|Methods of judicial selection|
- 1 States using this method
- 2 Historical turnover by state
- 3 Origins
- 4 Support
- 5 Criticism
- 6 Report on judicial evaluation awareness
- 7 See also
- 8 External links
- 9 References
A retention election or judicial retention is a periodic process whereby voters are asked whether an incumbent judge should remain in office for another term. The judge, who does not face an opponent, is removed from the position if a percentage of voters (often 50%) indicate that he or she should not be retained.
Retention votes are frequently thought of in connection with the assisted appointment method of judicial selection. However, some states that choose state supreme court justices in partisan or nonpartisan elections for their initial term use retention elections for subsequent terms on the court.

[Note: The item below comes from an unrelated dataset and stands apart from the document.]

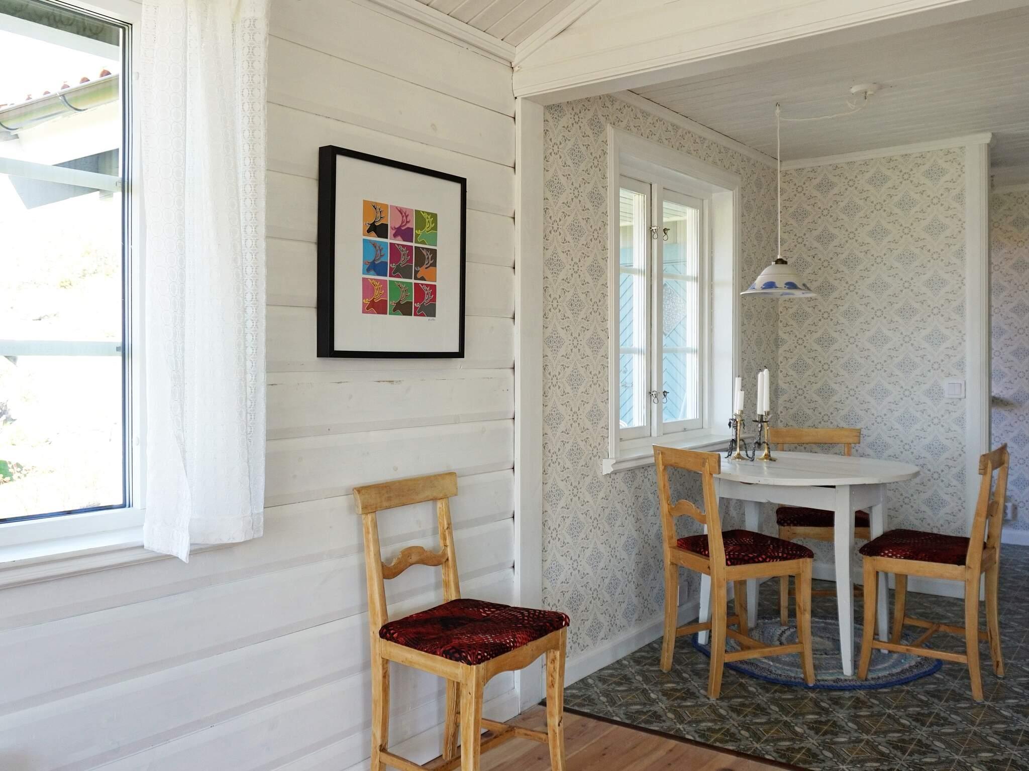 Über eine einladende Veranda mit Gartenmöbeln gelangt man zur Eingangstür des Ferienhauses. Im Inneren trifft man auf einen Flur, der weiter zur Küche mit Herd, Kühl-/Gefrierschrank, Mikrowelle, Kaffeemaschine und Geschirrspüler führt. Die kleine Küche ist offen in den Wohn- und Essbereich integriert, der herrliche Aussicht bietet! Für das Familienleben gibt es eine Sitz- und Leseecke sowie TV. Das Ferienhaus hat drei Schlafzimmer; eines mit Doppelbett und zwei mit Einzelbett. Im Haus auch WC und separates Duschbad, in dem sich auch eine Waschmaschine befindet. Glasfaseranschluss im Haus.

Typically, judges and justices in states with retention elections are retained with anywhere from 60-80% of the vote. However, retention elections are sometimes used as opportunities to remove from office judges who have made unpopular rulings. For example, in Iowa's 2010 retention election, David Baker, Marsha Ternus and Michael Streit, three Iowa Supreme Court justices, were denied retention by slim margins because of the court's unpopular decision to legalize gay marriage.
States using this method
States with retention elections for all level of courts
States with appellate court retention elections
States with retention elections following popular elections
In these states, once a judge has been elected to the court in a popular partisan election, he or she stands for retention in subsequent elections.
Historical turnover by state
The state has only failed to retain three judges since it began using the assisted appointment (also known as "merit selection") method of judicial selection method in 1974. In 1978, Judge Gary Nelson of the court of appeals and Judge Fred Hyder of the Maricopa County Superior Court were voted off the bench. Not until 2014 did a third judge, Benjamin Norris of the Maricopa County Superior Court, receive less than the majority "yes" vote required to remain seated.
California adopted retention elections in 1934. Until 1986, not a single California Supreme Court justice had failed to be retained. In that year, however, three justices on the supreme court—Joseph Grodin, Cruz Reynoso and Chief Justice Rose Bird—were rejected by voters, receiving "no" votes of 65%, 57% and 66%, respectively. In campaigns against the judges, they were portrayed as opposing the death penalty.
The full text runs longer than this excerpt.